訳注:まあケインズはこんないやらしい、関係代名詞に条件節がたくさんぶら下がった文を山ほど書くので、わかりにくいと言われるのはしかたないところ。でもこれはあきらかに悪文の一種であって、名文とか美文とかでは絶対にあり得ない: For incomes will have to fall (or be redistributed) by just that amount which is required, with the existing propensity to consume to decrease savings by the same amount by which the rise in the rate of interest will, with the existing marginal efficiency of capital, decrease investment.

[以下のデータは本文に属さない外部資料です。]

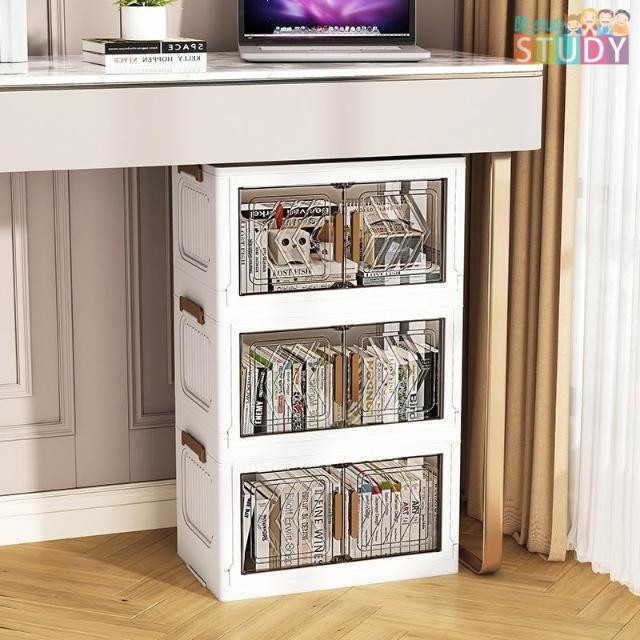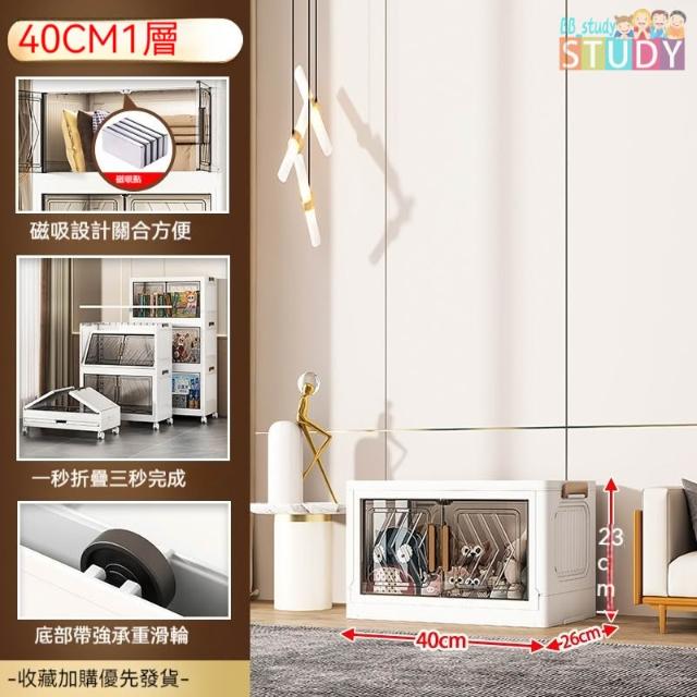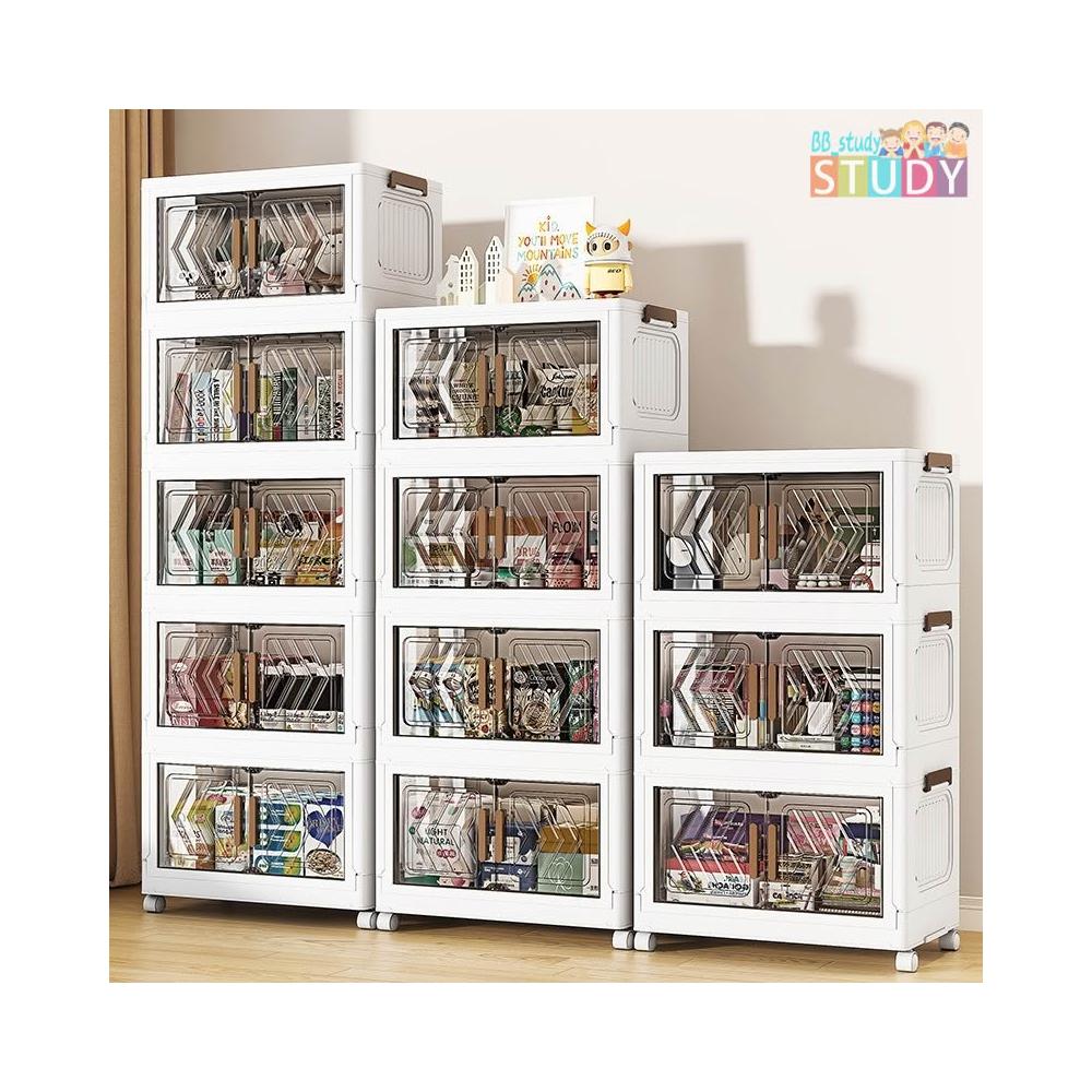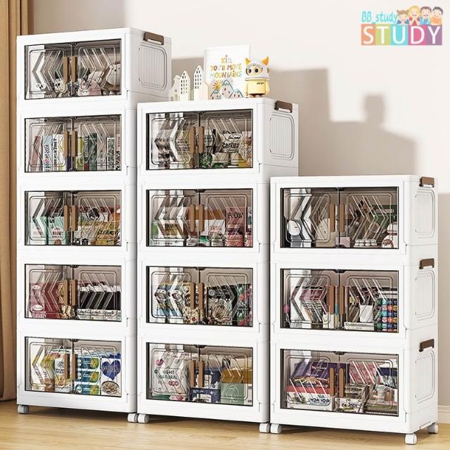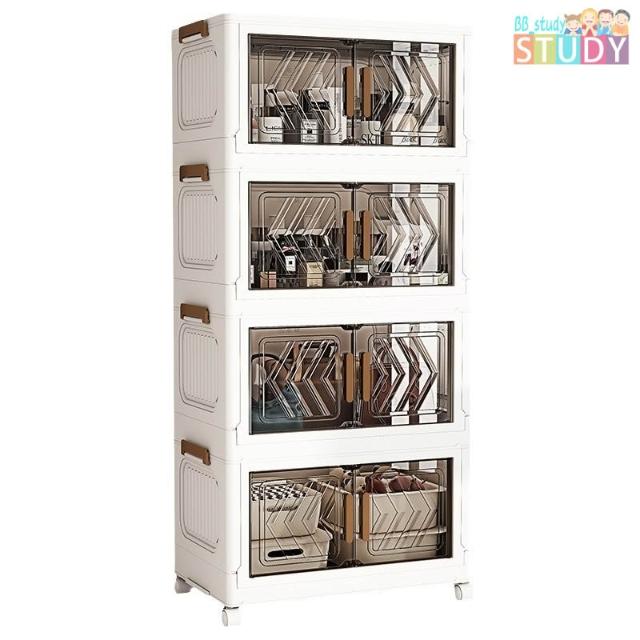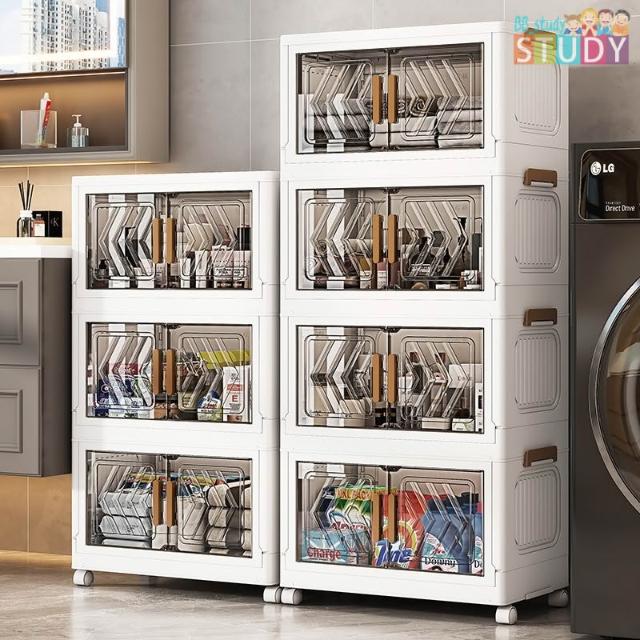 廚房收納櫃 免安裝房間衛浴整理置物架 落地式旁櫃 多層塑膠收納架 可折疊收納箱 前置開門及頂蓋外開 底部附滑輪輕推行置箱
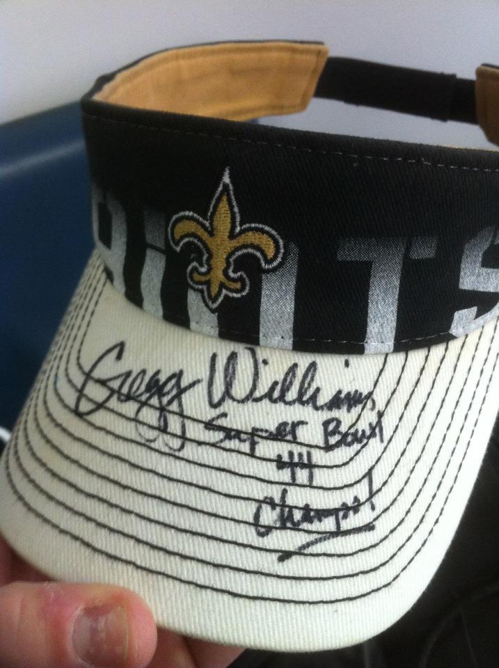 Anyway, he was on the same flight to Dallas as my family and me. I happened to finish checking in first and was standing by the luggage drop-off area, waiting for the rest of my party to catch up. Williams finished checking in and started to head toward the terminal. As he approached me, I knew I had three options: A) Ignore him, B) Tackle him, or C) Take the high road and thank him for his service. Now, despite the fact that it was very early in the morning, my conscience seemed to be awake, so I went with Option C. Plus, in my mind, helping us win a Super Bowl far outweighed the tragic decision to not double cover Vernon Davis. So, as he passed, I simply said, “Thanks, Gregg.” He paused, thanked me, and said it meant a lot. He was very gracious and came across as genuine. It was a cool moment. He even signed a visor for my brother-in-law, the eBay value of which has since plummeted.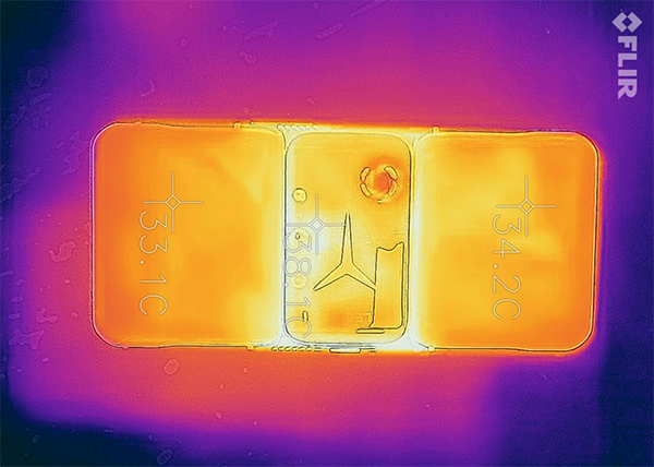 關(guān)于大家關(guān)心的游戲發(fā)熱情況,我也在游戲結(jié)束后第一時(shí)間進(jìn)行了測(cè)量,通過(guò)熱成像圖可以看出拯救者2 Pro背部最高溫度為38.1°,緊靠著攝像頭區(qū)域,而其余兩手握持部分溫度僅34度左右。即使隨著游戲時(shí)間的增加,拯救者2 Pro也不會(huì)出現(xiàn)燙手情況,怎么玩都不怕。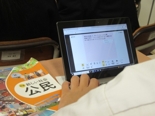 本校の研究テーマは、『生徒が思考できる学習の充実 ~学びたくなる導入と思考が深まる協働場面の工夫~』。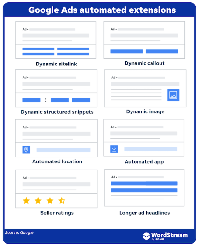 Всего в Google Ads доступно 19 расширений объявлений, восемь из которых являются динамическими, а остальные 11 настраиваются вручную. Мы разделили наш список таким образом, но нет правильного или неправильного ответа, когда дело доходит до выбора типа.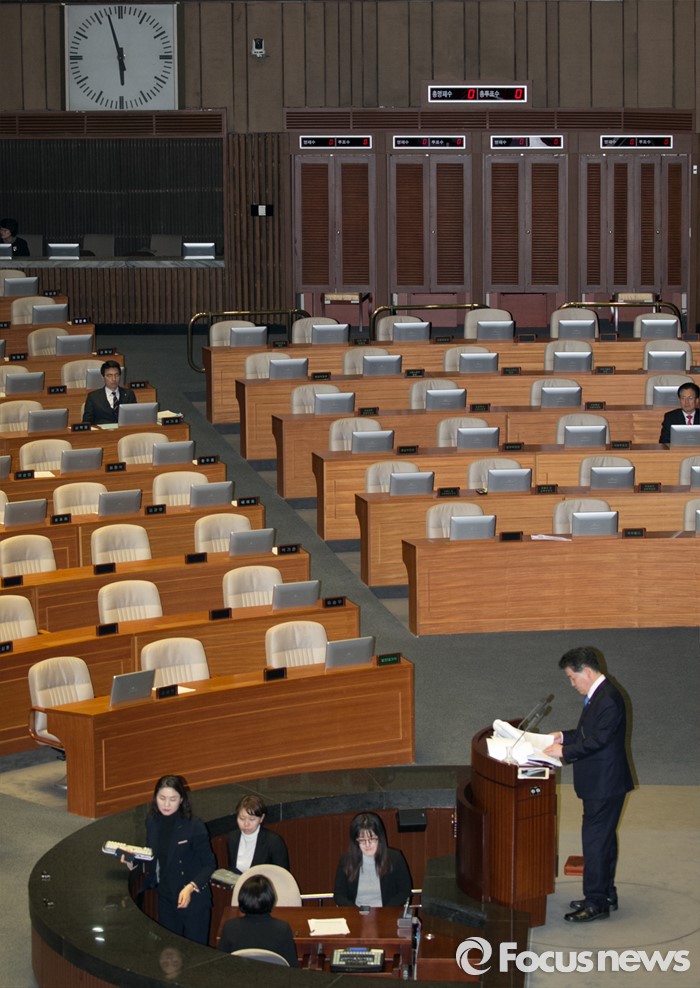 (서울=포커스뉴스) 테러방지법 직권상정에 반발해 야당의 무제한 토론(필리버스터)이 나흘째 진행되고 있는 26일 오전 서울 여의도 국회 본회의장에서 토론에 참여한 김경협 더불어민주당 의원이 발언하고 있다.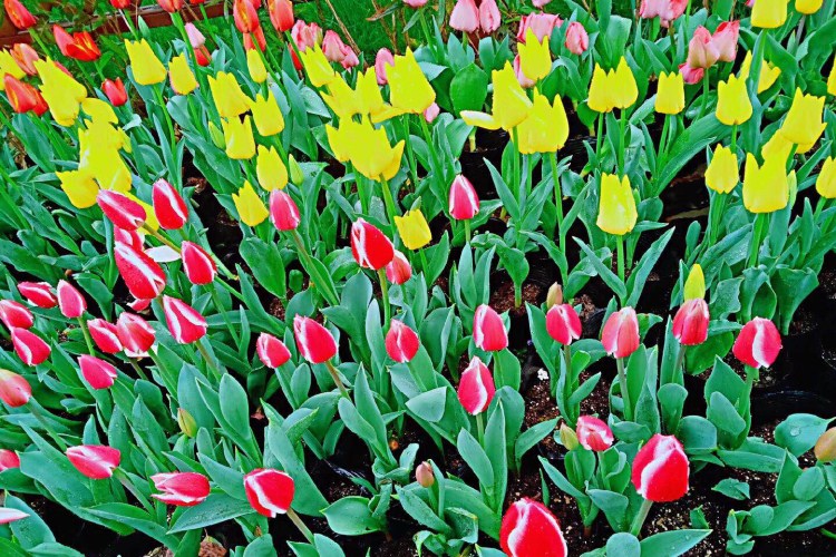 据悉,自去年11月份开始,我院建筑工程分院园林专业除15届以外的三个年级的全体师生就开始在园林温室大棚内栽培了四个品种、共计约9000多盆的郁金香,近三百人参与培育种植郁金香的实践活动,经过长达半年的培育种植,才有了如今这般的美景。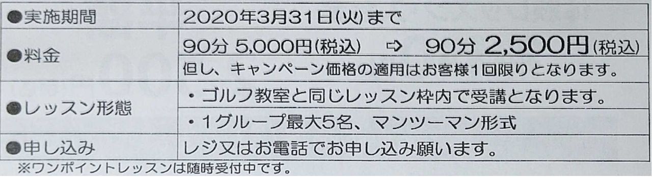 2、ワンポイントレッスン 「 半額 」キャンペーン実施中!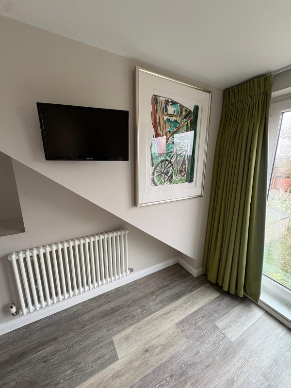 Large furnished room with king sized bed with new firm mattress and plenty of wardrobe & draw storage space. It has a large shower ensuite and underfloor heating. The glass faux balcony has a view across the park. The northern line station is a 12-15 minute walk through the park. It is quiet a beautiful. I have a friendly dog living in the house.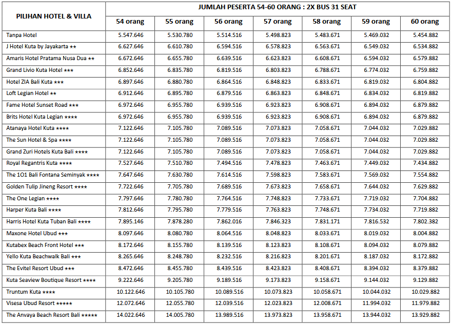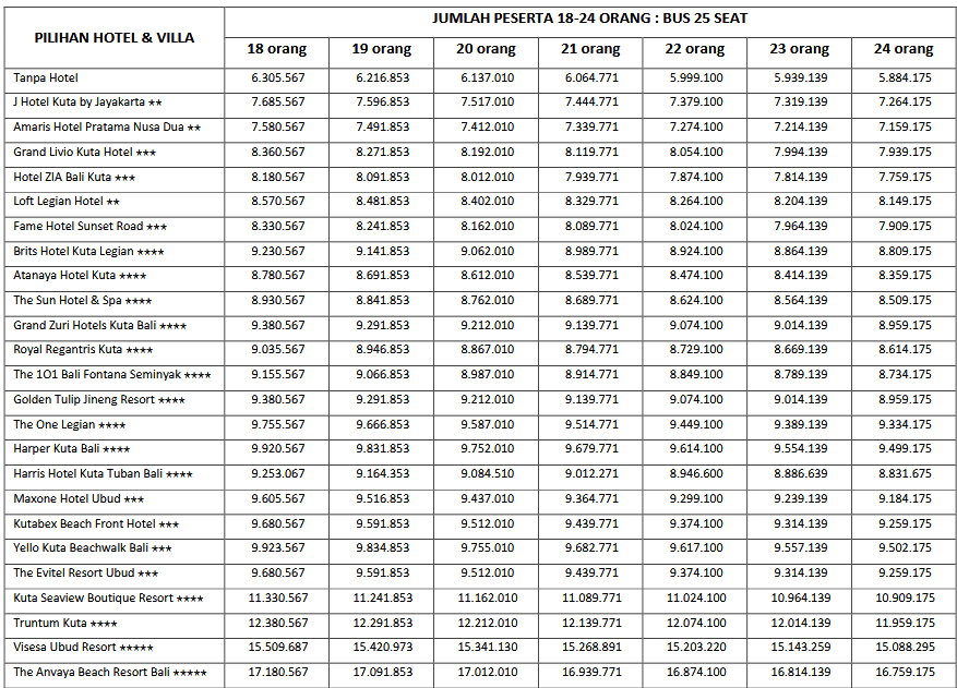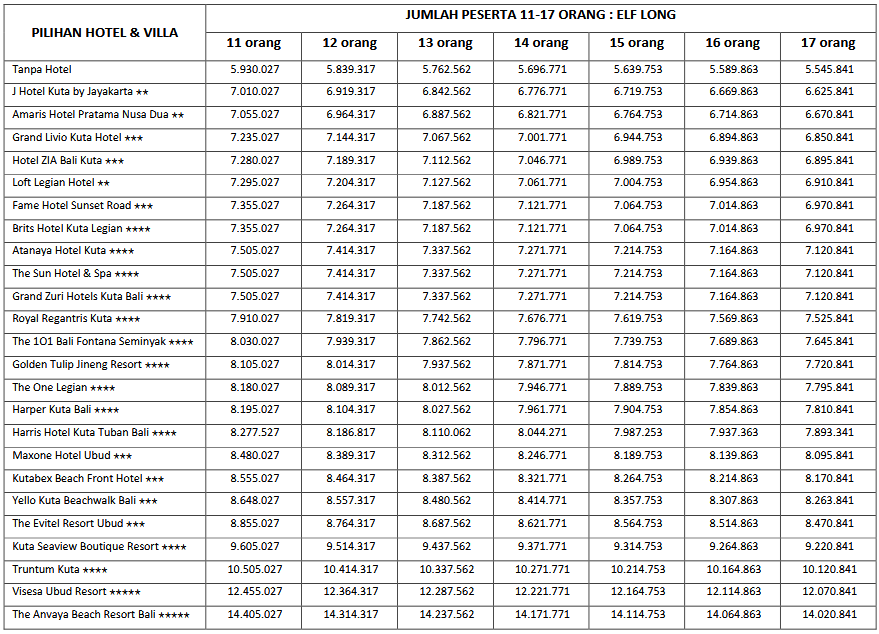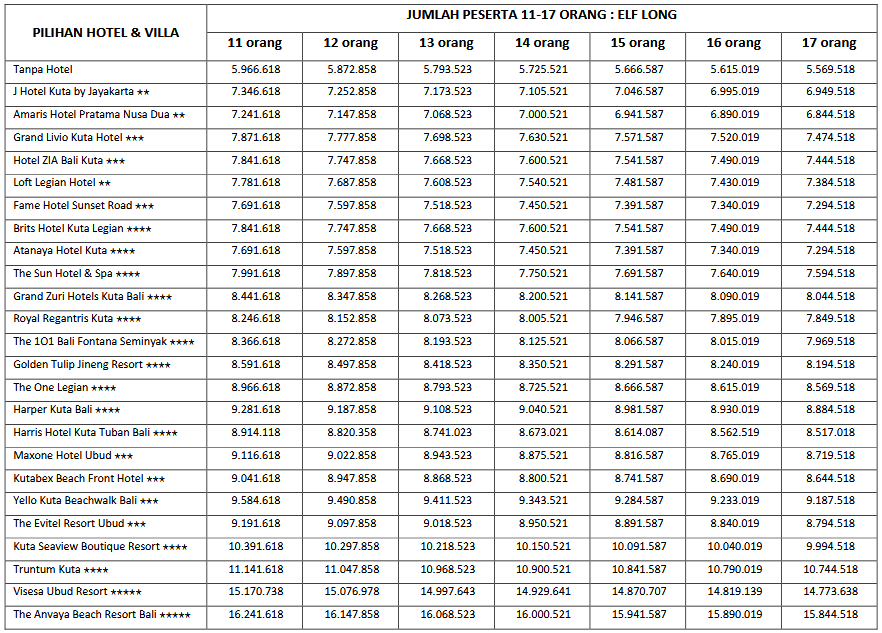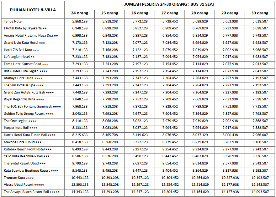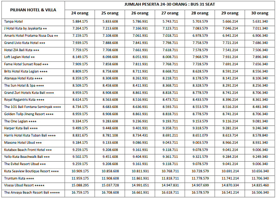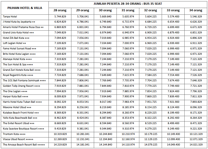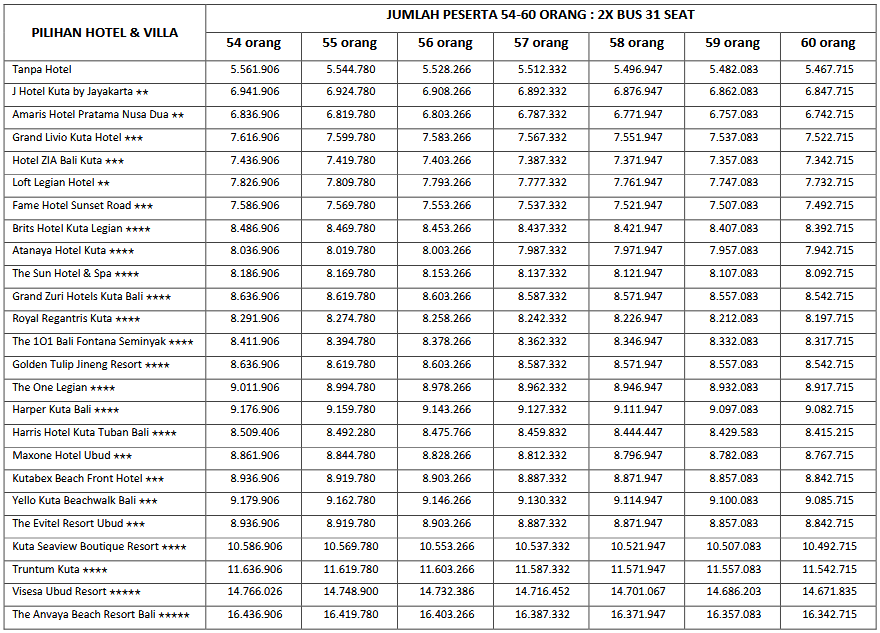 HARGA PEAK SEASON PER ORANG DEWASA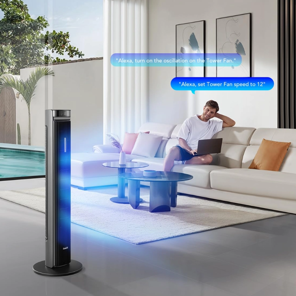 Keep cool with this smart tower fan featuring 150° oscillation, 12-speed settings, 5 modes, app & voice control, 24-hour timer, and ultra-quiet 27dB operation—perfect for bedrooms or home offices.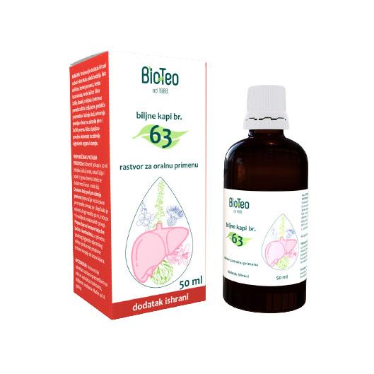 Bio-Teo biljne kapi br. 63 na bazi ekstrakata ploda badelja, lista artičoke i žalfije, herbe petrovca i korijena vodopije, prirodno su rješenje za normalnu funkciju jetre i normalno varenje. Svojim sastavom pomažu rad hepatobilijarnog sistema, podstiču proizvodnju i lučenje žuči, a time poboljšavaju varenje i štite jetru i žučne puteve.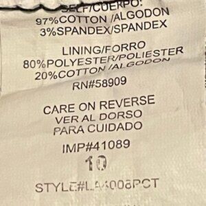 Approx. Measurements: Rise 9.5”, Waist 32” (unstretched), Inseam 28”, Leg Opening 11”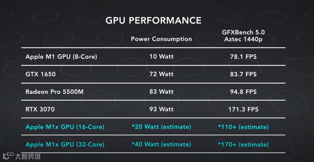 相比之前的 M1,M1X 将提升处理器核心数到 10 核(包含8个性能核心和2个能效核心),其中 14 英寸版本集成 16核 GPU,而 16 英寸版本将集成 32 核 GPU,据传图形表现可媲美RTX 3070。
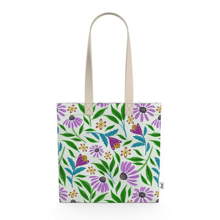 Image of tea towel with purple coneflowers and green and blue leaves on a light green background

 金利上昇は、所得が変わらなければもっと貯金を促すかもしれません。でも金利が上がって投資が減退すれば、所得は理屈上でも実際面でも変わります。絶対に所得は下がって、貯蓄余力が低下し、それが高金利による貯蓄刺激を完全に相殺します。人々が立派で、倹約家で、国や個人の財務において頑固に保守的であるほど、金利が資本の限界効率に比べて上がったときの所得低下幅も増大します。そこで頑固になっても、罰があるだけでごほうびはありません。というのも、この結論は不可避なのです。

 したがって結局のところ、総貯蓄と総消費の比率は用心動機、予見動機、計算動機、改善動機、独立動機、事業動機、自尊心動機、守銭奴動機には依存しません。美徳も悪徳も無関係です。資本の限界効率を考えたとき、金利が投資にどれほど有利かで決まるのです1。いいえ、これは言い過ぎなどではありません。もし金利が継続的な完全雇用を維持するように統括されていれば、美徳がその勢いを取り戻すことでしょう——資本蓄積の度合いは、消費性向の弱さにかかってきます。ですからここでも、古典派経済学者が美徳をやたらに重視したがるというのは、金利が常にそのような形で統括されているという隠れた前提を示すものなのです。


  1. このセクションの一部には、第四巻で導入されるアイデアをあらかじめこっそり入れておきました。